With the beginning of the college academic year, those of us teaching this fall are drafting various course syllabi — seeing what might be worth revisiting, such as new readings that might be added.

But all too often, the upfront syllabus boilerplate sections are overlooked since they are cut and pasted from previous versions of the same course or similar ones. Unfortunately, a section dealing with free expression in the classroom is missing in many.

This is a more focused area than campus speech, which continues to attract national headlines as outside speakers from the right and left are disinvited or shouted down. The issue here is less about censorship — which may be referenced in a syllabus by linking to an established campuswide free-expression policy or the University of Chicago Principles adopted by dozens of universities — and more about self-censorship. The latter concern often is more difficult to identify since it involves an unwillingness to speak freely in light of actual or perceived consequences for doing so. Data and personal experience suggest this needs to be addressed head-on.

For example, the Heterodox Academy’s  2023 Campus Expression Survey asked more than 1,500 full-time college students from universities across the country about how reluctant they are to share their views on various topics in class and what variables are associated with students’ reluctance. Just over 58 percent of the respondents said they were reluctant to share their views on politics, race, sexual orientation, gender or religion in the classroom.

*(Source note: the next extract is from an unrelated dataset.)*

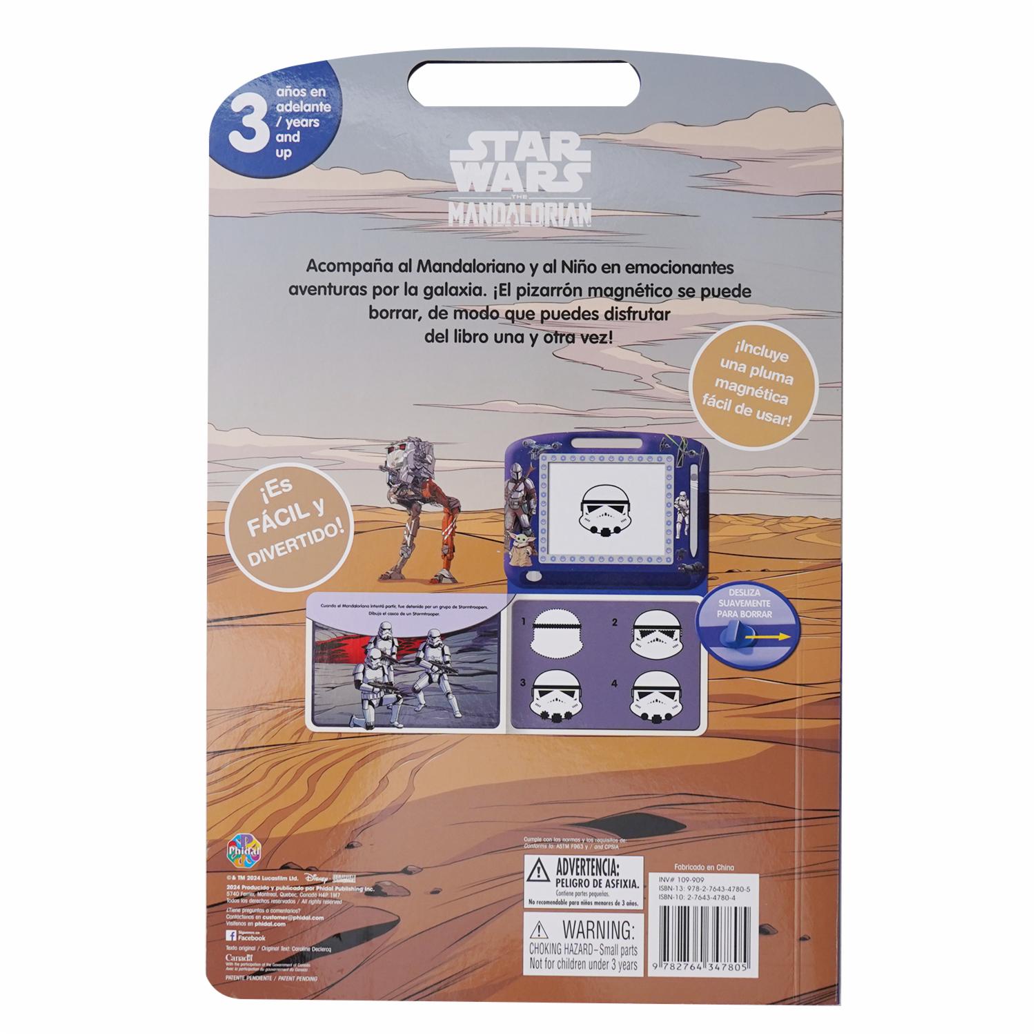 - Acompaña al mandaloriano y al Niño en emocionantes aventuras por la galaxia. ¡El pizarrón magnético se puede borrar, de modo que puedes disfrutar del libro una y otra vez

I concur with the observation of Nicole Barbaro, the organization’s director of communications and marketing. “This is a real problem that should concern all educators, especially across the social sciences, biological sciences and humanities where these topics are most likely to be central to academic research and discussions. If students are not comfortable talking about these topics in class — a space intended for exploring ideas, discussing research and critically thinking about problems — then our universities are, in part, failing at their intended purpose.”

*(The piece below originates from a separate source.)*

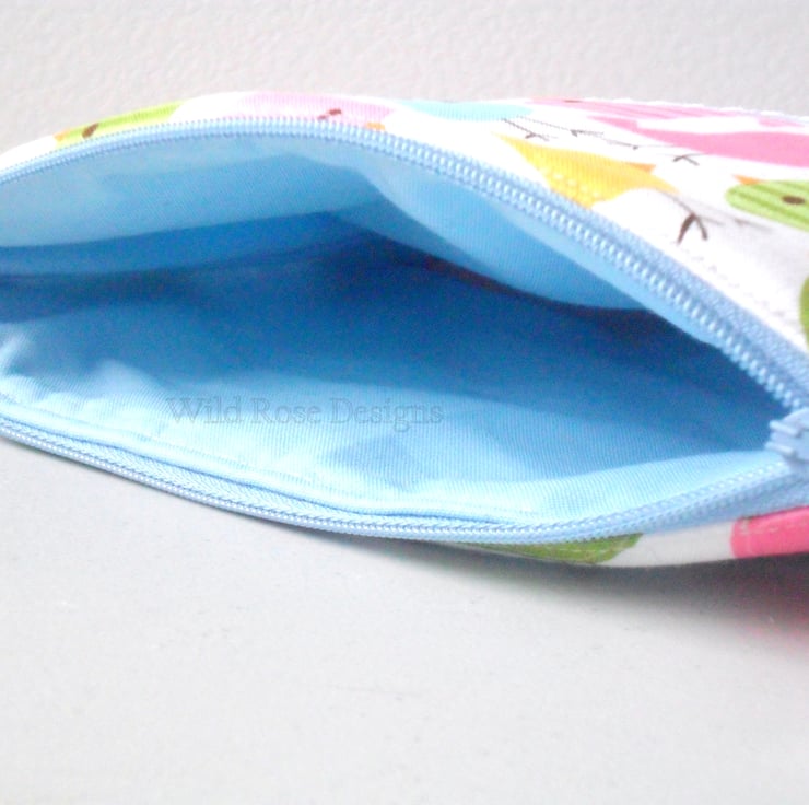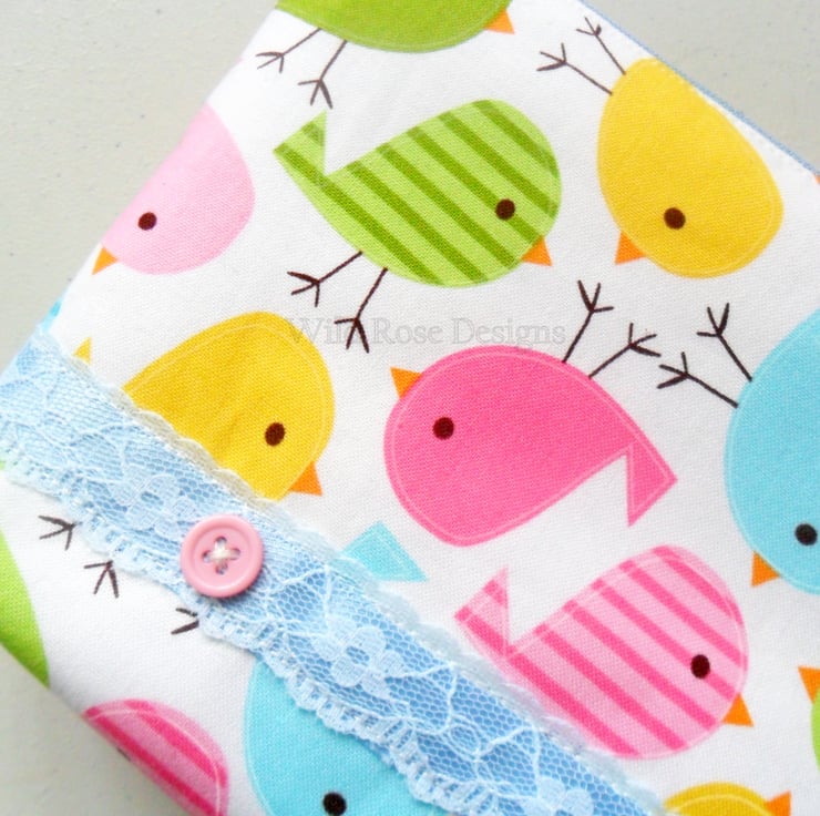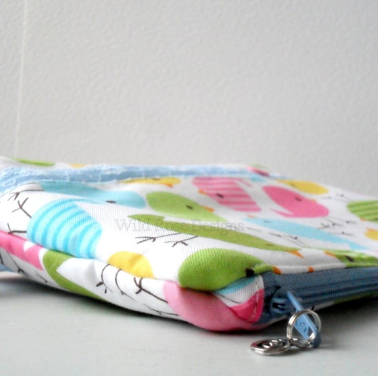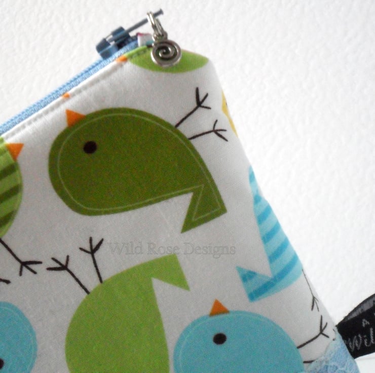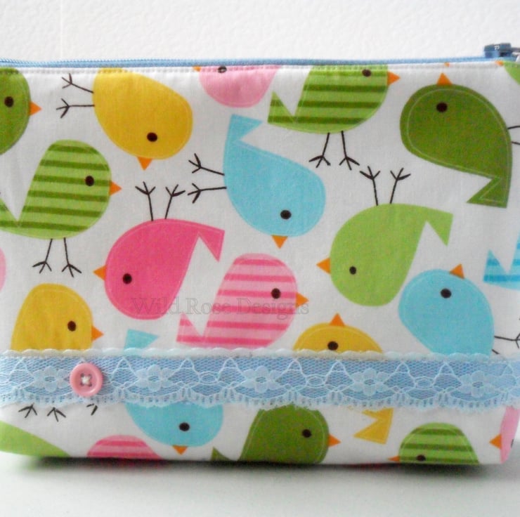 A bright and colourful handmade make up bag in a cute bird print fabric, could they be Easter chicks?

Classroom self-censorship is a two-sided phenomenon. The Foundation for Individual Rights and Expression (FIRE) surveyed almost 1,500 college faculty members nationwide to dig deeper into the issue. Its data show that a third of faculty (34 percent) reported they self-censor on campus “fairly” or “very” often. According to FIRE, faculty members are more likely to self-censor today than during the Joseph McCarthy era of the 1950s.

Based on its survey, this observation again rings true to me and probably to countless other faculty members. “It is hard to comprehend the fact that the very group of people charged to showcase how viewpoint diversity and healthy debate functions are themselves limiting their expression — at rates higher than the students they are supposed to teach.”

Ten years ago, I served as the inaugural professor of communication in residence at Northwestern University in Qatar. Unlike the United States, there was no First Amendment there to reference. My students were brought up in a culture where free speech was not encouraged and, in fact, could be punished severely as a matter of law.

By discussing self-censorship in class with my students at the outset, I was gratified how an explicit conversation at the beginning of the semester — supported and reinforced with each class session — produced a high level of viewpoint diversity and dissenting voices. I saw how the students felt free to engage with me in covering the course material, not just learning about free expression as an ideal but also experiencing it in practice.

Given the wave of classroom self-censorship that has hit U.S. college classrooms in the intervening years, I intend not just to discuss this when I provide a course overview but also explicitly remove classroom self-censorship guardrails that may exist, even if they are not acknowledged. The course syllabus is the ideal place to convey this, especially since it will be referenced by the students continuously throughout the semester.